Susanne Wenger was born in Graz, Austria. She is the daughter of an English and French high school teacher and a mother born to a high ranking Austro-Hungarian army officer. Wenger attended the School of Applied Arts in Graz in 1930, specializing in pottery. She later continued her studies, first at the Higher Graphical Federal Education and Research Institute and then at the Academy of Fine Arts Vienna alongside, among others, Herbert Boeckl. While at the academy, she learned the fresco technique and improved on her drawing skills.
After the end of the war, Wenger was an employee of the communist children's magazine Unsere Zeitung ("Our Newspaper"), which was the cover of the first edition she designed. In 1947 she was invited by friends to co-found the Vienna Art Club.
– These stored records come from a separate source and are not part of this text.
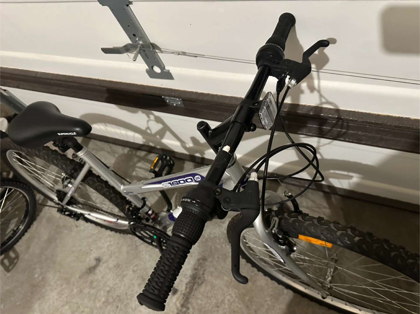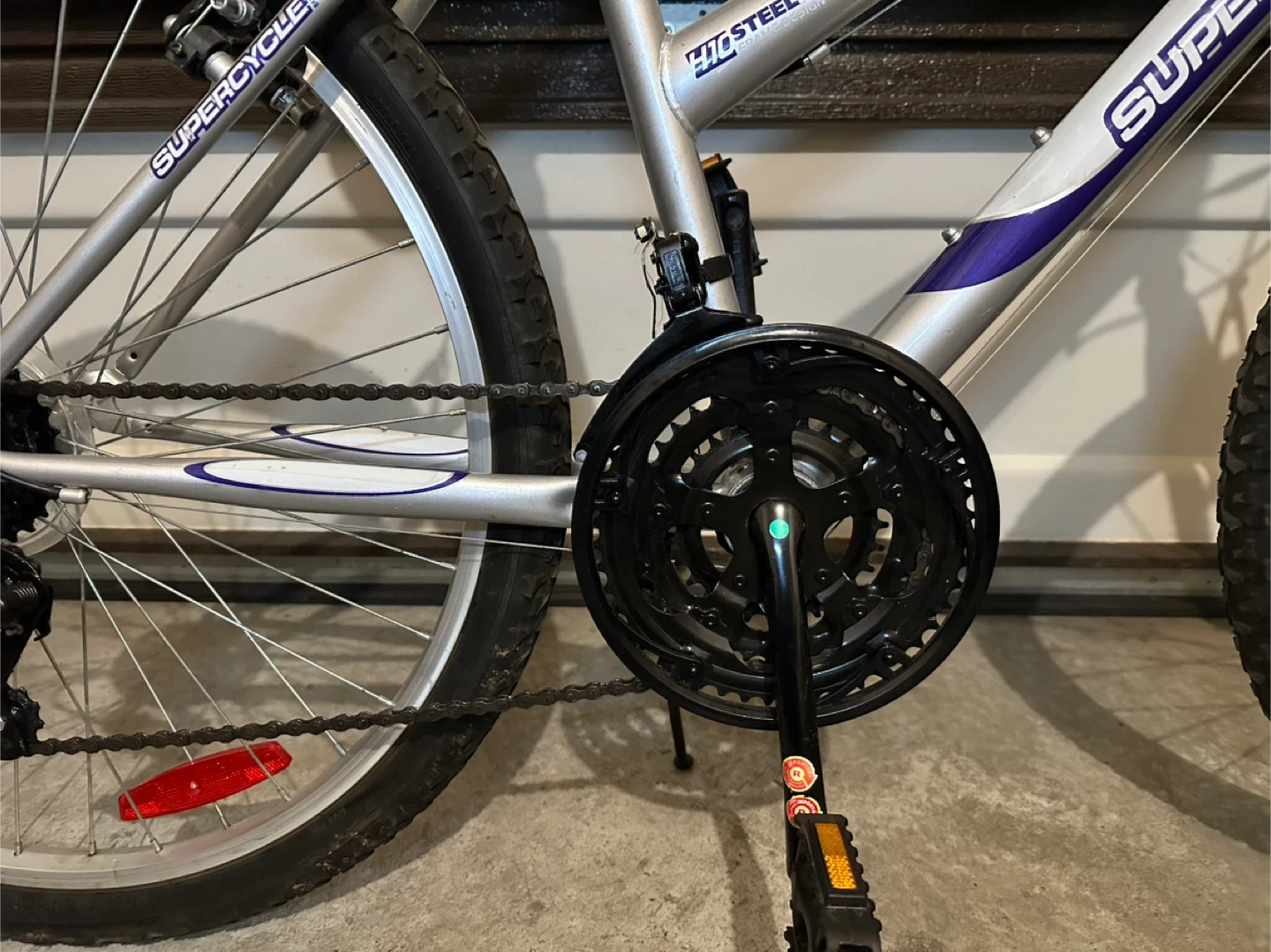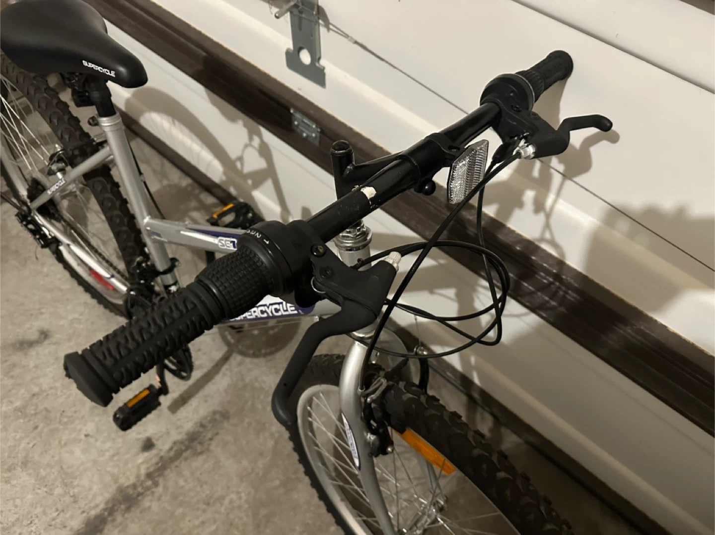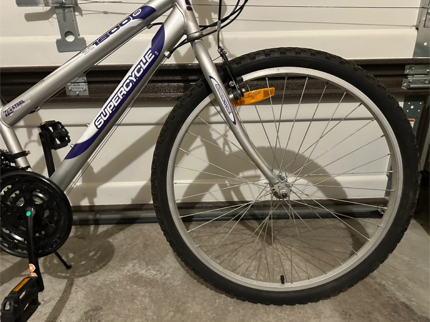 This is a silver Supercycle SC1600 mountain bike with 26-inch wheels. It features a hi-tensile steel frame and a Shimano derailleur. It's great for riding on trails or around town!
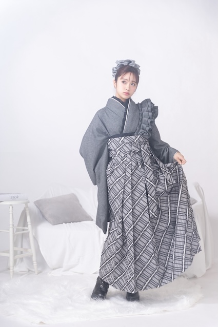 ブラウンのお衣装とカラー違いで、グレートーンの卒業袴。
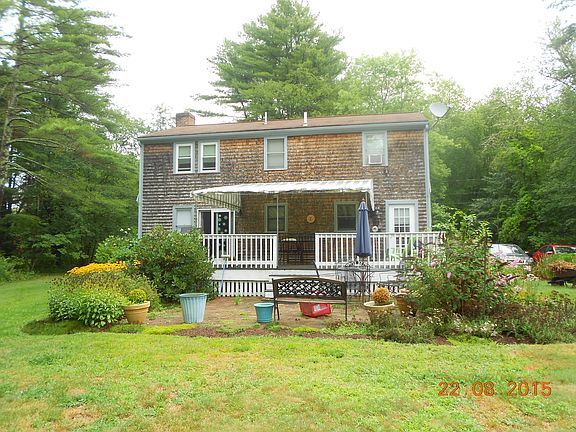 Over an acre of land on a tranquil country lot lies this cozy gambrel cape, what a great home it is with 3 bedrooms, 2 full baths, kitchen with island,(includes appliances) dining room, front to back living room with fireplace, front to back master with his and hers closets. Front entrance area has hall with huge closet. Full basement with bulkhead leading out to back yard, spacious rear deck with access from the kitchen and living room, great outdoor space with plenty of room for entertaining. Steps from deck lead down to the patio area which is surrounded by mature plantings. Perfect size yard with enough room for a garage, fire pit, vegetable garden, volley ball net, horseshoes etc. Nice size shed with plenty of storage. House contains a professionally wired transfer switch for generator hookup which is included with sale. If your looking for a great place to call home this could be it. New title V system just installed.
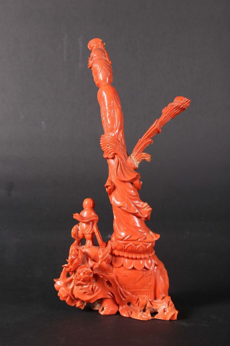 Gruppo in corallo raffigurante Guanyin su elefante con fanciulli, Cina, Dinastia Qing, fine XIX secolo

In Vienna, during and after the war, many of her works were experimental, drawing inspiration from spirituality; these works included surreal colored pencil drawings and surreal images difficult to decipher.
In 1947, Wenger traveled to Italy, the trip was given to her as a prize for winning a poster competition. After her return, she found some success selling her works to an art dealer, Johann Egger, who also held works by Hans Arp, Paul Klee and Piet Mondrian.
After living in Italy and Switzerland and upon the suggestion of Egger, in 1949 Wenger went to Paris, where she met her future husband, the linguist Ulli Beier. That same year, Beier was offered a position as a phoneticist in Ibadan, Nigeria. When he was offered a position as a phonetician in Ibadan, Nigeria, shortly afterwards, they decided to marry so she could accompany him.
The couple quickly assimilated in Nigeria, he as a teacher and she as an artist, but they moved from Ibadan to the nearby town of Ẹdẹ in 1950 to escape what Wenger called the "artificial university compound". In Ẹdẹ, she met one of the last priests of the rapidly disappearing, ancestral-based Òrìṣa religion. She quickly became engrossed in his life and rituals, even though at that time she spoke no Yoruba. "Our only intercourse was the language of the trees," she said later.
Wenger and Beier ultimately divorced, with Wenger later marrying local drummer Lasisi Ayansola Onilu, by which time she was establishing herself as an active participant in the revival of the Orisha religion. Wenger left Ede and moved to Ilobu, before she finally settled at Osogbo in 1961. While living in the town, she became interested in the shrines dedicated to Orishas; she later rebuilt many of the religious carvings within sacred places and was also commissioned by the Osogbo District Council to renovate many of the local shrines, in particular the shrine dedicated to the river goddess, Oshun. Wenger was also initiated into the cults of Obatala, Soponna, and Ogboni, and was later given the chieftaincy title of Adunni Olorisha.
She was founder of the archaic-modern art school "New Sacred Art", a branch of the wider Oshogbo school, and became the guardian of the Sacred Grove of the Osun goddess on the banks of the Osun River in Oshogbo.
On 12 January 2009, Wenger died at the age of 93 in Oshogbo.
She worked hard to revive Yorùbá among Nigerians who had drifted away from it.
LEGACY AND HONOUR
The sculptures that were placed in Oshun's grove from the late 1950s onwards, sculptures that were created by her followers and local artists, have belonged to the UNESCO World Heritage Site since 2005.
In 2005, the Nigerian government admitted her as a member of the Order of the Federal Republic.
For her efforts on behalf of the Yoruba, she was given a chieftaincy title of the Osogbo community by the king, or Ataoja, of Oshogbo.